■ **Task to carry out**
Without the pictures, retype exactly the lines from the top of the entries below through the line that contains "Remember the ones".
Supplied material section start
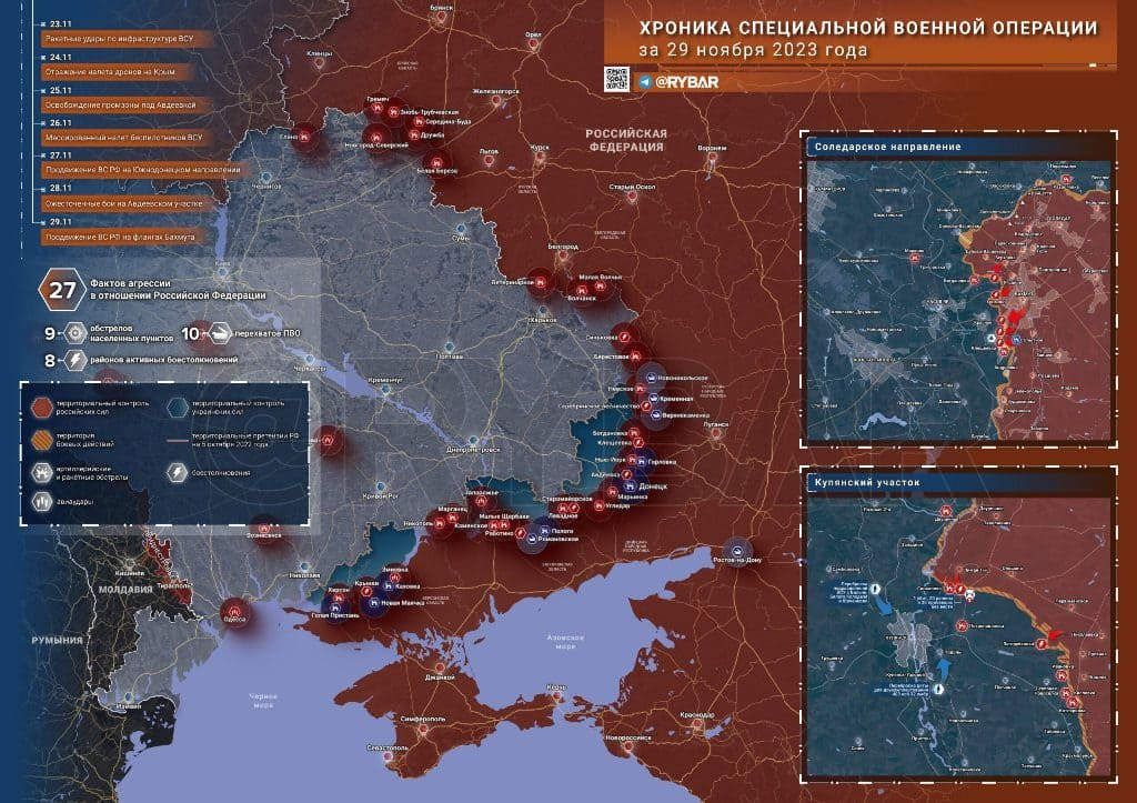 Актуальная карта боевых действий на Украине на 06:00 мск от 30 ноября 2023 года
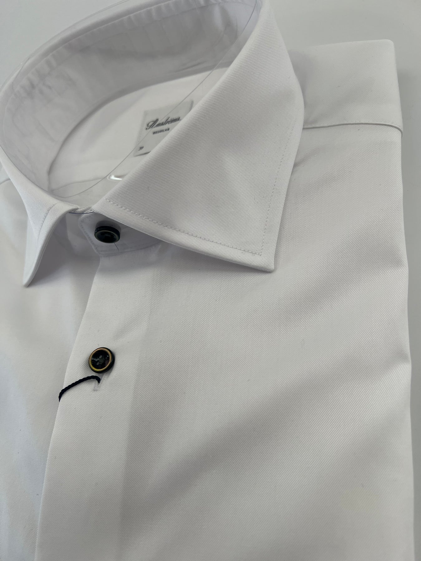 This twill shirt is made of twofold cotton. The shirt is detailed with mother of pearl buttons, single cuffs and a cut away collar.
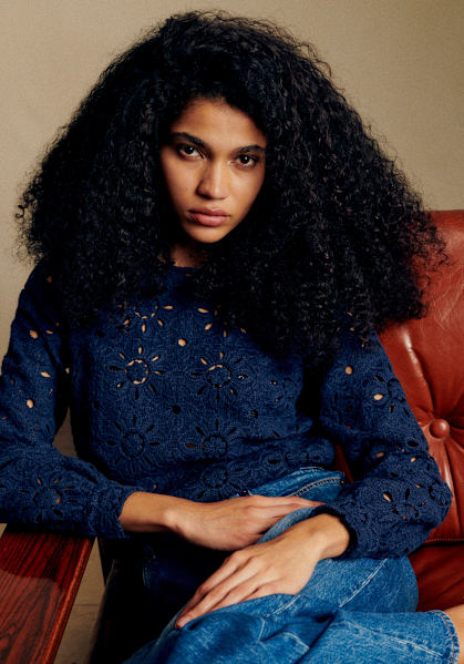 - Embroidered band along placket and neckline
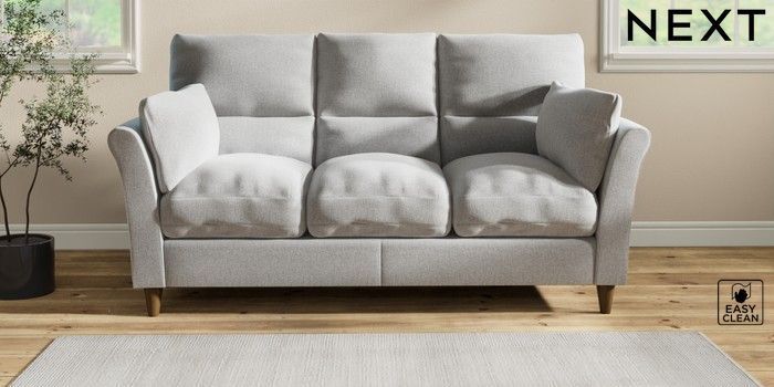 7.3.1 Buy Hartley Highback Relaxed Sit 3 Cushion 3 Seater Sofa Tweedy Blend Easy Clean Light Silver Grey Low Conical - Mid from the Next UK online shop Click here to use our accessible website
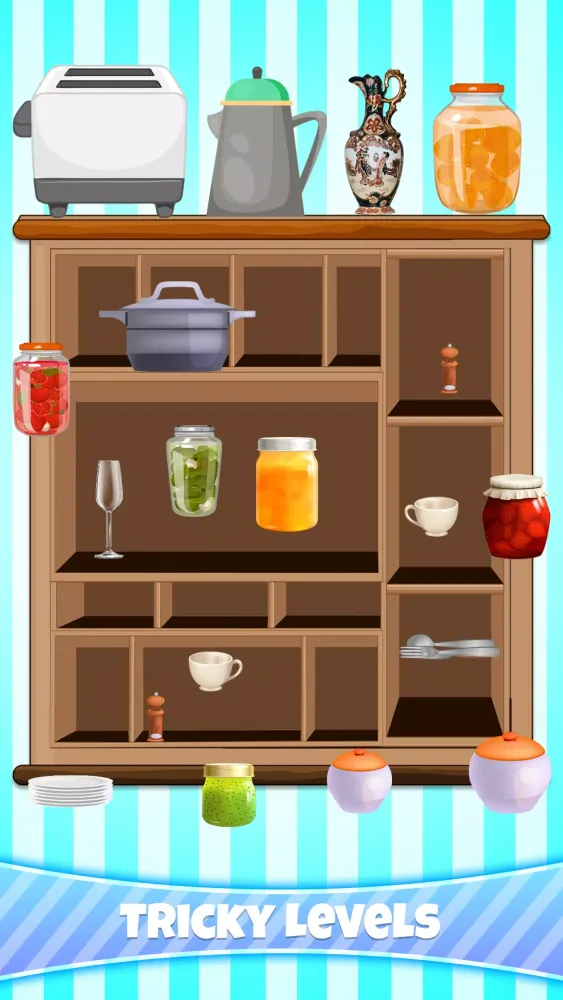 - Brain Game and Challenging Puzzles: Dive into a world of mind-bending puzzles that require clever planning and precise execution. Tackle intricate arrangements and prove your mettle as the ultimate Cupboard Organizer!
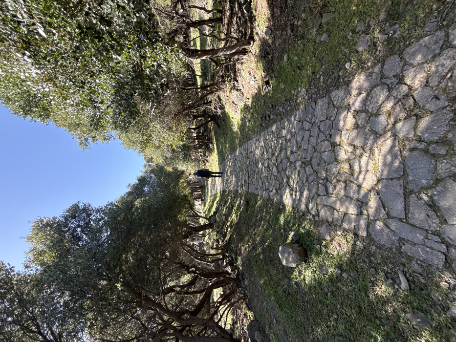 single individual walking on a stone-paved path through a tree-lined area in Kamariotissa, Greece
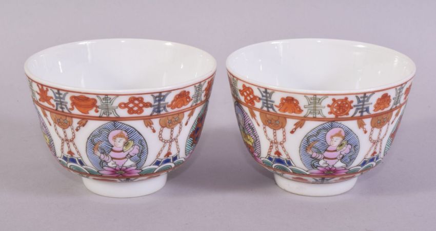 A PAIR OF UNUSUAL CHINESE PORCELAIN CUPS, painted with figures, animals and precious objects, the interior with famille rose flower, red mark to base, 8.5cm diameter.
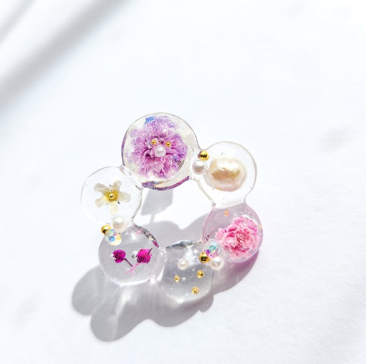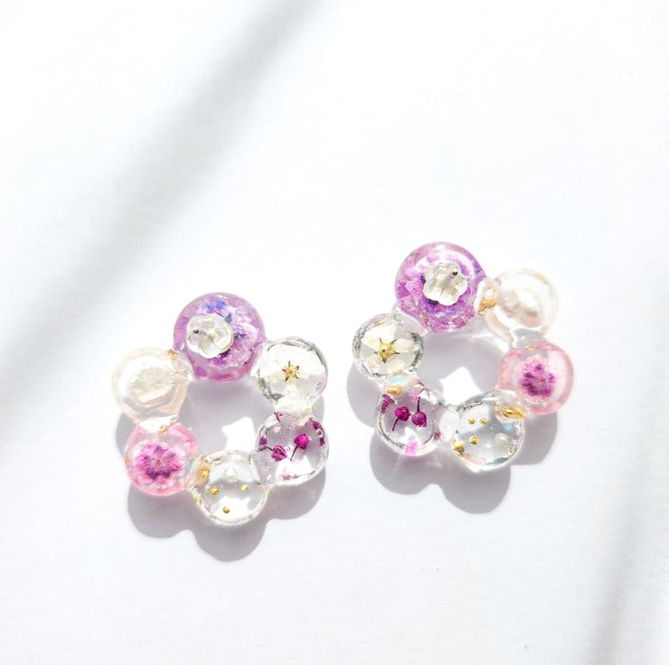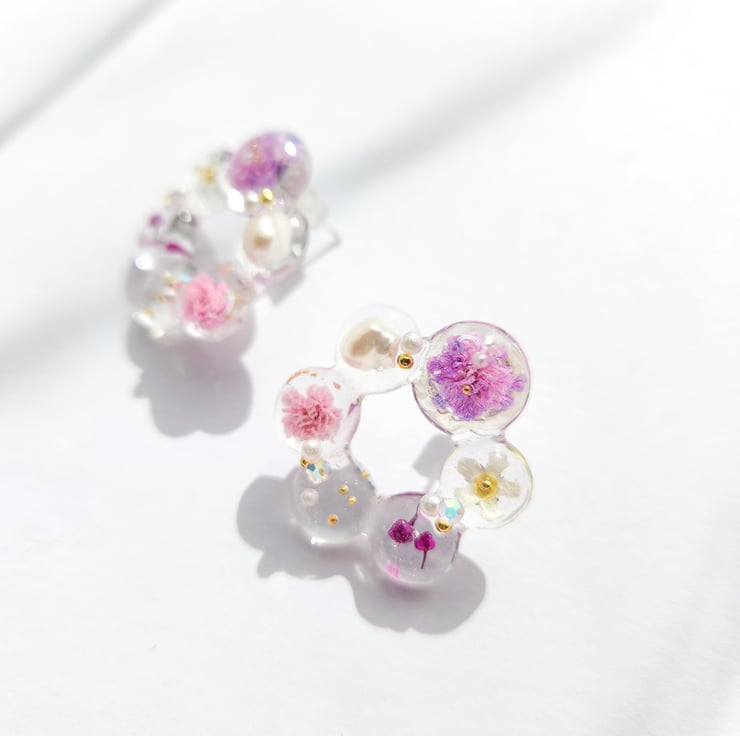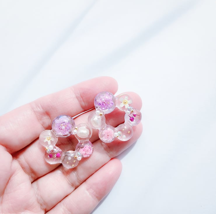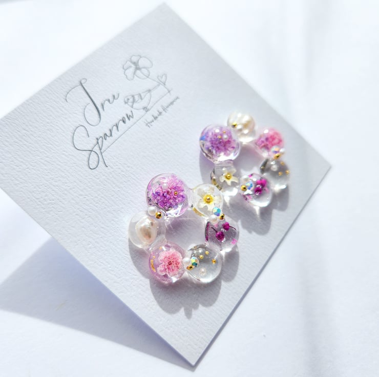 A pair of delicate handmade earrings, where real dried flowers are solftly preserved within clear resin, like tiny floral moments captured in time.
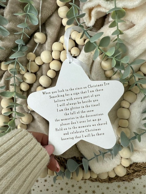 Remember the ones you love this Christmas with this stunning white wooden hanging star beautifully engraved with a heartfelt poem filled with words of love.
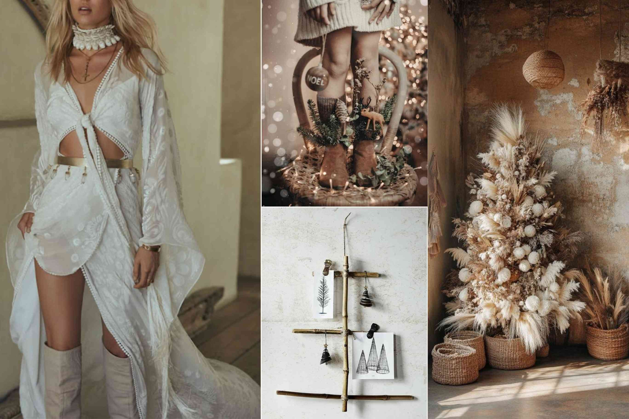 Bohemian winter style Soft whites warm sand and natural textures bring a lighter approach to the season. Flowing fabrics knitted details and handcrafted accessories create an outfit and interior mood that feels relaxed but still festive. A simple idea to try: mix one statement piece with calm basics. A textured dress natural boots or a handmade decoration instantly sets the tone without overdoing it. Less contrast more balance that is what makes this style work. #BohemianWinter #SoftNeutrals #WinterStyle #NaturalDetails #EffortlessLook #SeasonalInspiration #cozychristmas
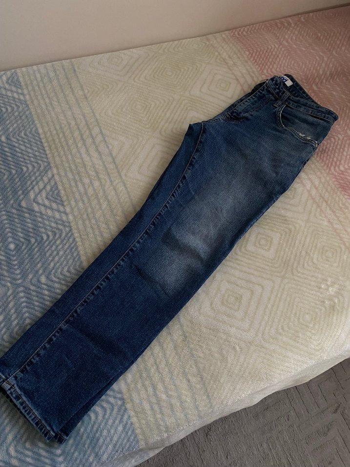 Mavi denim kumaştan, düzenli kesim ve normal boyda kot pantolon. Gri tokası ve desensiz sade tasarımıyla günlük kullanıma uygundur.
Supplied material section end
■ **Response to this task**
 Актуальная карта боевых действий на Украине на 06:00 мск от 30 ноября 2023 года
 This twill shirt is made of twofold cotton. The shirt is detailed with mother of pearl buttons, single cuffs and a cut away collar.
 - Embroidered band along placket and neckline
 7.3.1 Buy Hartley Highback Relaxed Sit 3 Cushion 3 Seater Sofa Tweedy Blend Easy Clean Light Silver Grey Low Conical - Mid from the Next UK online shop Click here to use our accessible website
 - Brain Game and Challenging Puzzles: Dive into a world of mind-bending puzzles that require clever planning and precise execution. Tackle intricate arrangements and prove your mettle as the ultimate Cupboard Organizer!
 single individual walking on a stone-paved path through a tree-lined area in Kamariotissa, Greece
 A PAIR OF UNUSUAL CHINESE PORCELAIN CUPS, painted with figures, animals and precious objects, the interior with famille rose flower, red mark to base, 8.5cm diameter.
 A pair of delicate handmade earrings, where real dried flowers are solftly preserved within clear resin, like tiny floral moments captured in time.
 Remember the ones you love this Christmas with this stunning white wooden hanging star beautifully engraved with a heartfelt poem filled with words of love.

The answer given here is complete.